*** Task input

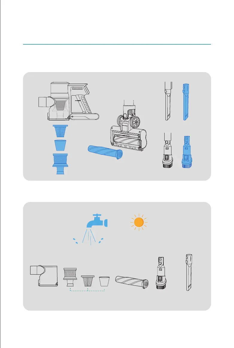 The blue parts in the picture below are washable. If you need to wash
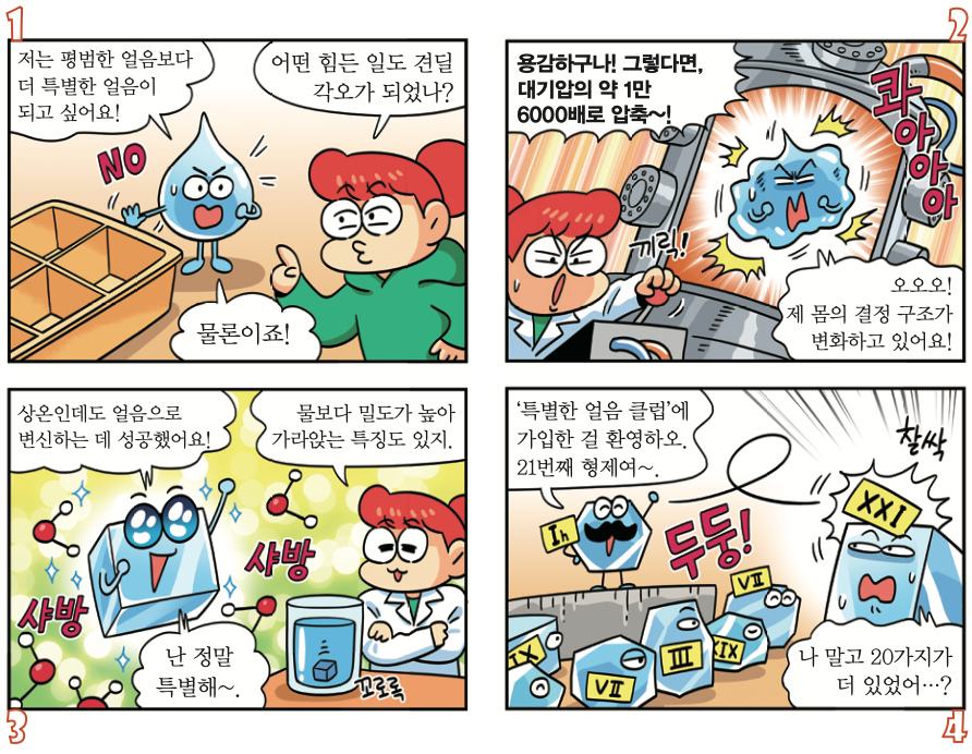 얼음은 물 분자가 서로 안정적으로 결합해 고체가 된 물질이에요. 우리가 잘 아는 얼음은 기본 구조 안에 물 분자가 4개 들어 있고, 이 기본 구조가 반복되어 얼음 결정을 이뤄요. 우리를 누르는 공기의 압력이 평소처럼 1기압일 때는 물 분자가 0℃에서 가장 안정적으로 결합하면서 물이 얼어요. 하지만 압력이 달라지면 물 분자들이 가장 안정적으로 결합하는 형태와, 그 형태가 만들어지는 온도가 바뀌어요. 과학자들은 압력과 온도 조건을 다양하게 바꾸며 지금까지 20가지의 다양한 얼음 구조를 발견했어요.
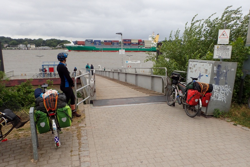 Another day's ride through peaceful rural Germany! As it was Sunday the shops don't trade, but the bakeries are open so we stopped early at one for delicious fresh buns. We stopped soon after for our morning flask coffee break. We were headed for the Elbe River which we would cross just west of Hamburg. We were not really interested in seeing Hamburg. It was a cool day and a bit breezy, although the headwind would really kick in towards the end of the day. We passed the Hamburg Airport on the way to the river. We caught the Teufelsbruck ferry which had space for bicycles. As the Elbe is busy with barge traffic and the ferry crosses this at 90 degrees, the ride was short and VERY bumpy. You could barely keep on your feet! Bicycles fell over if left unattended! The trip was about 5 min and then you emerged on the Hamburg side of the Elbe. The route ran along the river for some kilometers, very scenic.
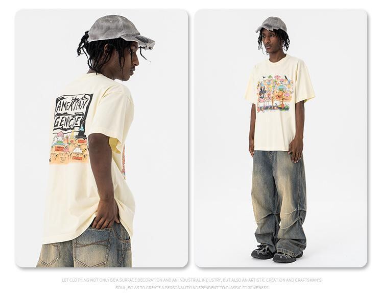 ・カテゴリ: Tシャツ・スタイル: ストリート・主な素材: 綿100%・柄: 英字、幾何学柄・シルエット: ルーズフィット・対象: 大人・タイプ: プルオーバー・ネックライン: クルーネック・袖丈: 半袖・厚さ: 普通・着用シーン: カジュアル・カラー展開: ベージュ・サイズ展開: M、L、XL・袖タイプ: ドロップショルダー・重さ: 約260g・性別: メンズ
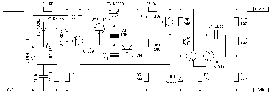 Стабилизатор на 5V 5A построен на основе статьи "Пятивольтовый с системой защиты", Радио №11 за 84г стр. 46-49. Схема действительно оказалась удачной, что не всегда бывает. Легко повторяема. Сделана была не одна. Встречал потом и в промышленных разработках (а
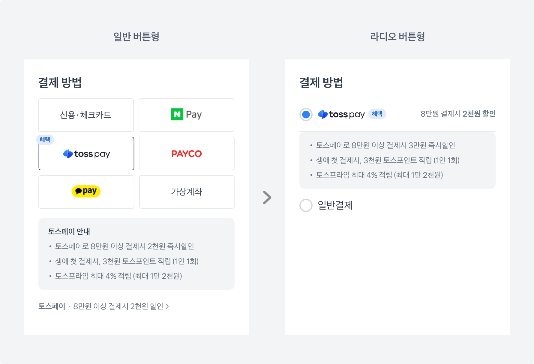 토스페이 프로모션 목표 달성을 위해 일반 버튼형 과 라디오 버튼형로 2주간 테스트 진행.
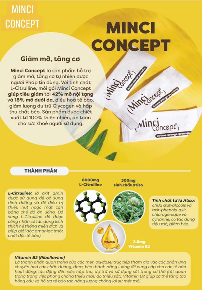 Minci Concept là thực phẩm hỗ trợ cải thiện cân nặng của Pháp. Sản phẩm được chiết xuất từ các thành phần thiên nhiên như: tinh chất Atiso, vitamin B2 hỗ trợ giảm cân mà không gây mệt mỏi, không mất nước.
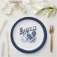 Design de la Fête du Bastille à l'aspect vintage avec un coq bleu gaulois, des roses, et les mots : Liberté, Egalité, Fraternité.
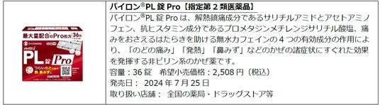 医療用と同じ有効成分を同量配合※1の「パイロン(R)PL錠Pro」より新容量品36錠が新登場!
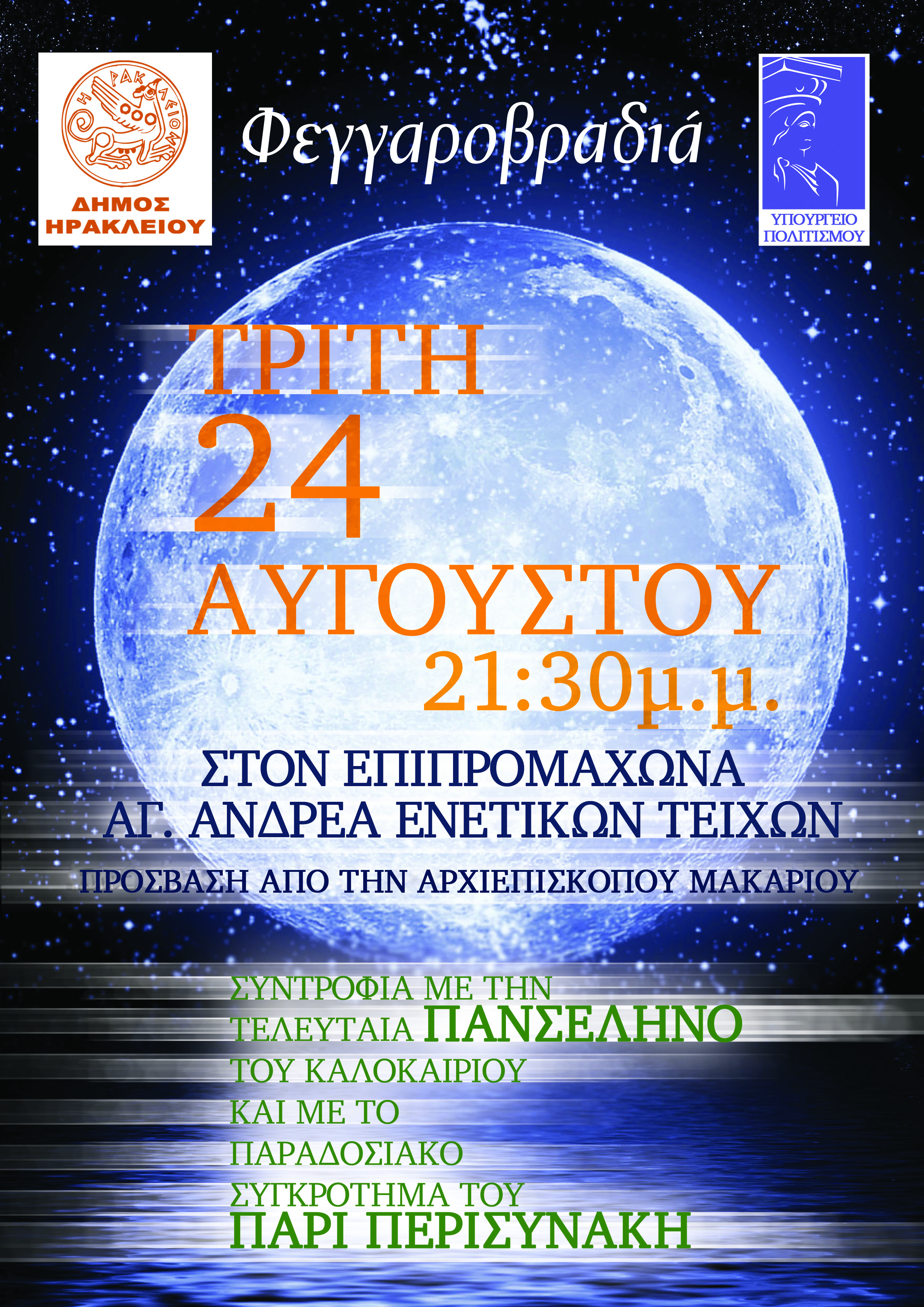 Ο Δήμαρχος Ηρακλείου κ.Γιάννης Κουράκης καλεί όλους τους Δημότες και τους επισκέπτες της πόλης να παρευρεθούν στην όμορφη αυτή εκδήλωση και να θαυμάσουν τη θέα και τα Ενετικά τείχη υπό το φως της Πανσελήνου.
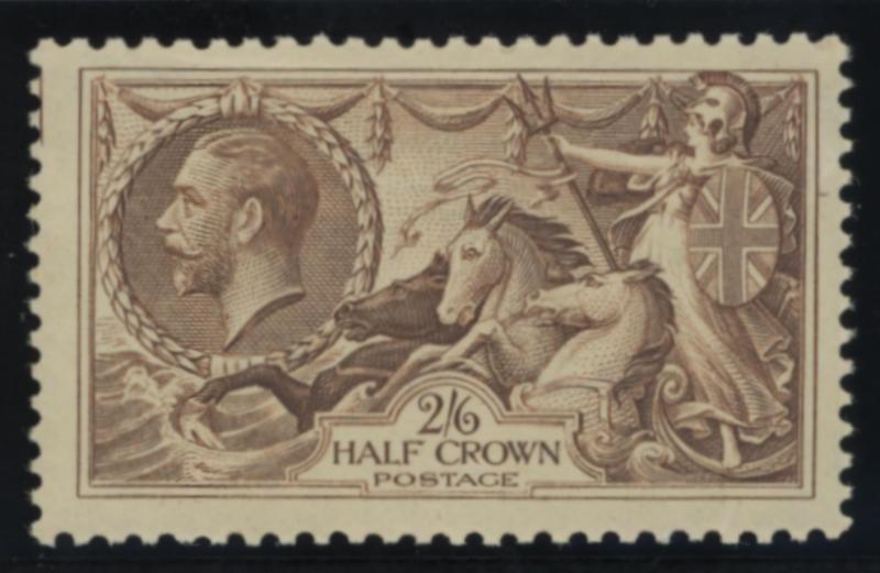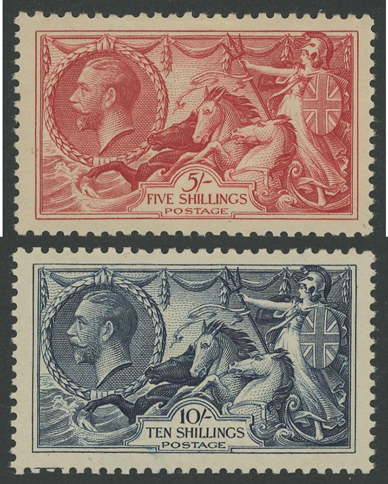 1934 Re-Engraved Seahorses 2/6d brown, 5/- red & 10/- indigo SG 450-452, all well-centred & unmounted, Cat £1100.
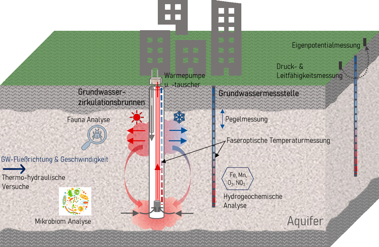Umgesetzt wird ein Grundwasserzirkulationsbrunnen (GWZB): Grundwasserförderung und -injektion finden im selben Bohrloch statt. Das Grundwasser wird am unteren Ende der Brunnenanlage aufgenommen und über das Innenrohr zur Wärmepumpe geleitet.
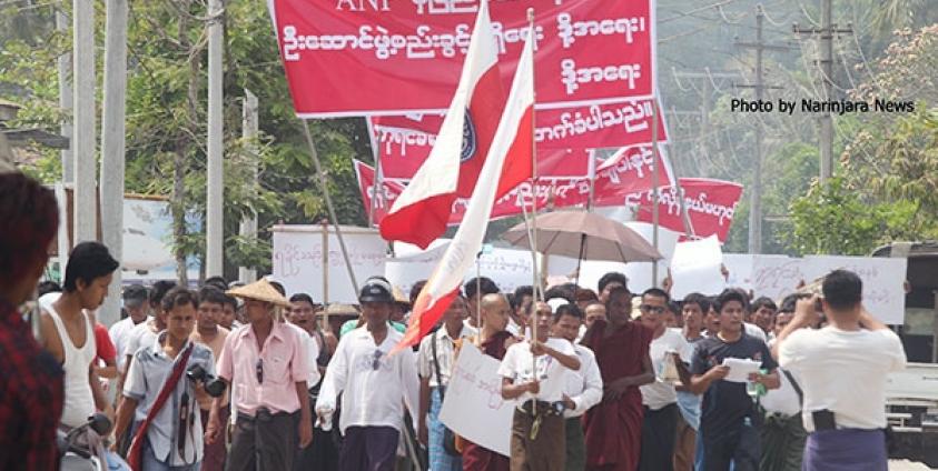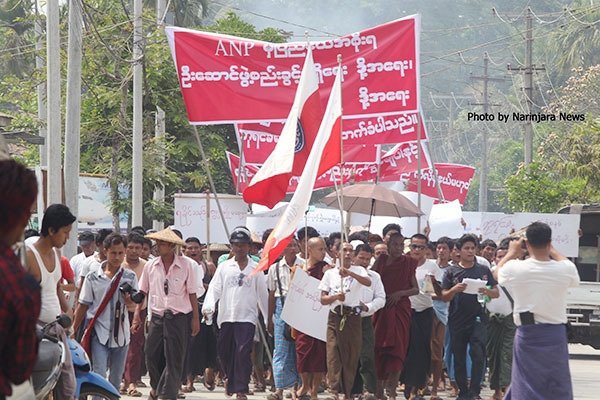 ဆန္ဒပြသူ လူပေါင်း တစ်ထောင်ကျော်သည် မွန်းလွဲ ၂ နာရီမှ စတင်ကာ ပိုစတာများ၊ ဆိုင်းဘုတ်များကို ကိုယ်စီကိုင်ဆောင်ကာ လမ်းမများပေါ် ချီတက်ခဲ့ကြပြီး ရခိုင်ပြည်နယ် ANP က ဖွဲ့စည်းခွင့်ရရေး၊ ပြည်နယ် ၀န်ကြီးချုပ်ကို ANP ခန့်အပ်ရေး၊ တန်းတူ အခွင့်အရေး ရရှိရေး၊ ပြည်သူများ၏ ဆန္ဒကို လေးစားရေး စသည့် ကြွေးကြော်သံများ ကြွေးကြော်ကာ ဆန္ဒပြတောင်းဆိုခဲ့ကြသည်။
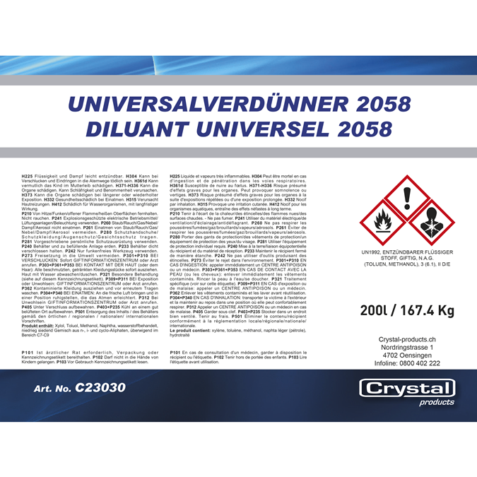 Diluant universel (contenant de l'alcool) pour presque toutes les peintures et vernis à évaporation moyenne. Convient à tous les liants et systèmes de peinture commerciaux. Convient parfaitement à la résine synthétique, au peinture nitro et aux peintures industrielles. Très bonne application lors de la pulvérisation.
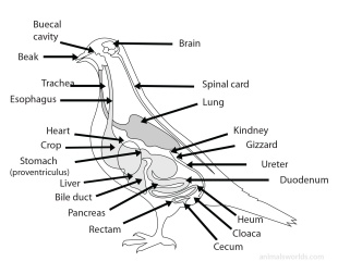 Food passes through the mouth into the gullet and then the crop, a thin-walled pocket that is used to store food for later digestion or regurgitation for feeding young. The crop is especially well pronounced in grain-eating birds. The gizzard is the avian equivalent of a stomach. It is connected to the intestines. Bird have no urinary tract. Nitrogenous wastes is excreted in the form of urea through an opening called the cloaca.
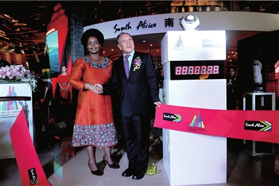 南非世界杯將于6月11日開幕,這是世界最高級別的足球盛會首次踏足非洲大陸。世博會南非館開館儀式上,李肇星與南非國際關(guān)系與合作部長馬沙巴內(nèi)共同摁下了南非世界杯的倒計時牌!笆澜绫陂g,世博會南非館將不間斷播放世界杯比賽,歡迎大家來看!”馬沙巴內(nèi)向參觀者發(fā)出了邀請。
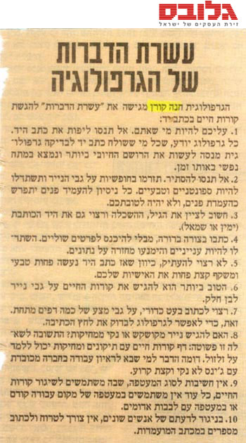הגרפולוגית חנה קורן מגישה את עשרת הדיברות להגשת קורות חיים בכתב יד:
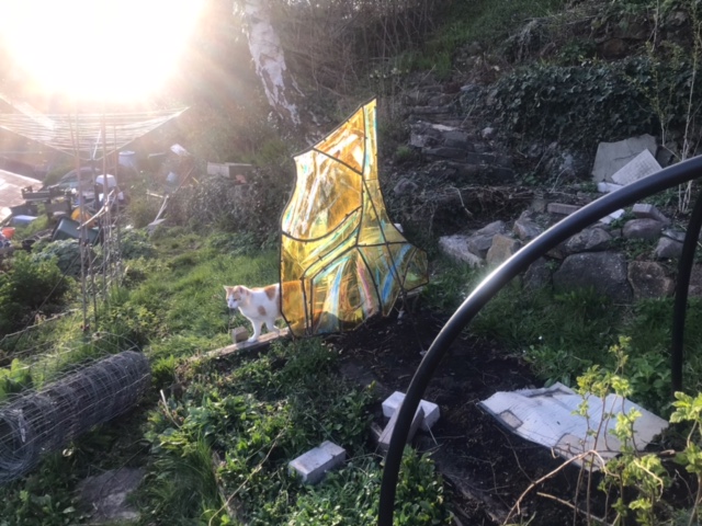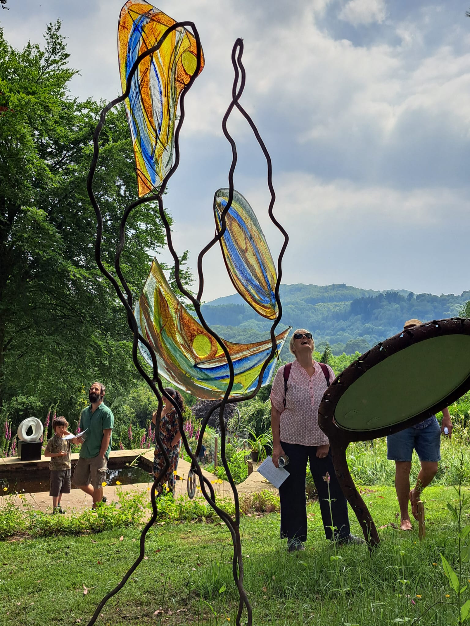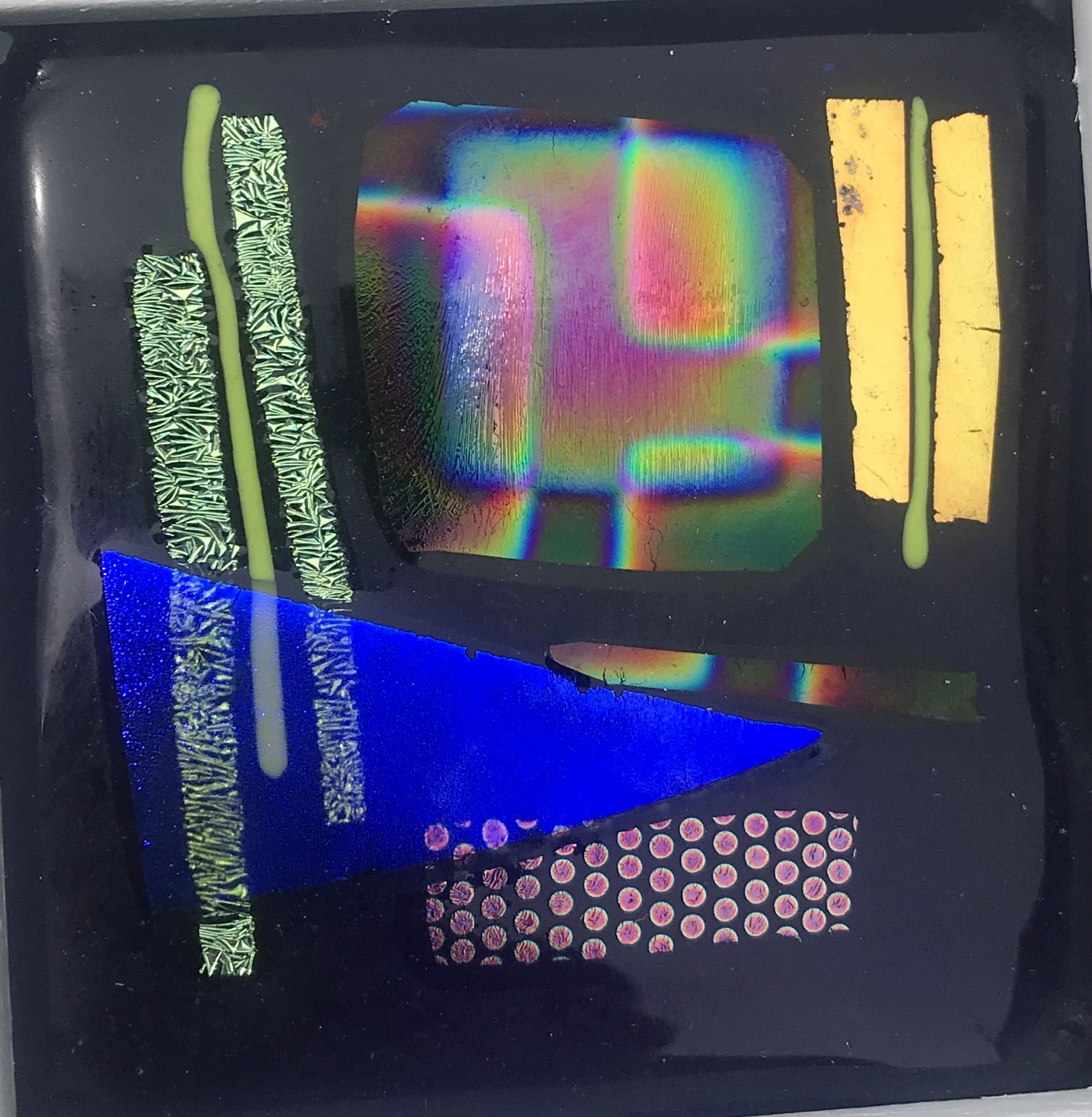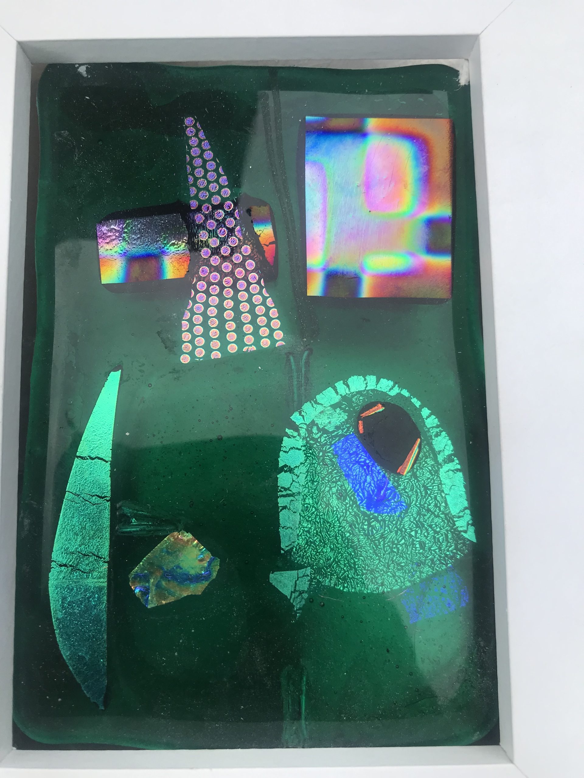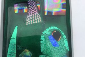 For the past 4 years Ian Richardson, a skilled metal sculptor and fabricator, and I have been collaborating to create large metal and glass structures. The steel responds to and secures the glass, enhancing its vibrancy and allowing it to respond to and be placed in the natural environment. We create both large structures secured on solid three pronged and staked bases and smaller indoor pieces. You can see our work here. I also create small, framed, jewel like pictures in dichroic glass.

******

■ Description of the task
Range to copy from the listing above: the line containing "Diluant universel (contenant" down to the line containing "הגרפולוגית חנה קורן", both included. Reproduce it exactly, minus the pictures, and add nothing.

■ Answer for the task
 Diluant universel (contenant de l'alcool) pour presque toutes les peintures et vernis à évaporation moyenne. Convient à tous les liants et systèmes de peinture commerciaux. Convient parfaitement à la résine synthétique, au peinture nitro et aux peintures industrielles. Très bonne application lors de la pulvérisation.
 Food passes through the mouth into the gullet and then the crop, a thin-walled pocket that is used to store food for later digestion or regurgitation for feeding young. The crop is especially well pronounced in grain-eating birds. The gizzard is the avian equivalent of a stomach. It is connected to the intestines. Bird have no urinary tract. Nitrogenous wastes is excreted in the form of urea through an opening called the cloaca.
 南非世界杯將于6月11日開幕,這是世界最高級別的足球盛會首次踏足非洲大陸。世博會南非館開館儀式上,李肇星與南非國際關(guān)系與合作部長馬沙巴內(nèi)共同摁下了南非世界杯的倒計時牌!笆澜绫陂g,世博會南非館將不間斷播放世界杯比賽,歡迎大家來看!”馬沙巴內(nèi)向參觀者發(fā)出了邀請。
הגרפולוגית חנה קורן מגישה את עשרת הדיברות להגשת קורות חיים בכתב יד:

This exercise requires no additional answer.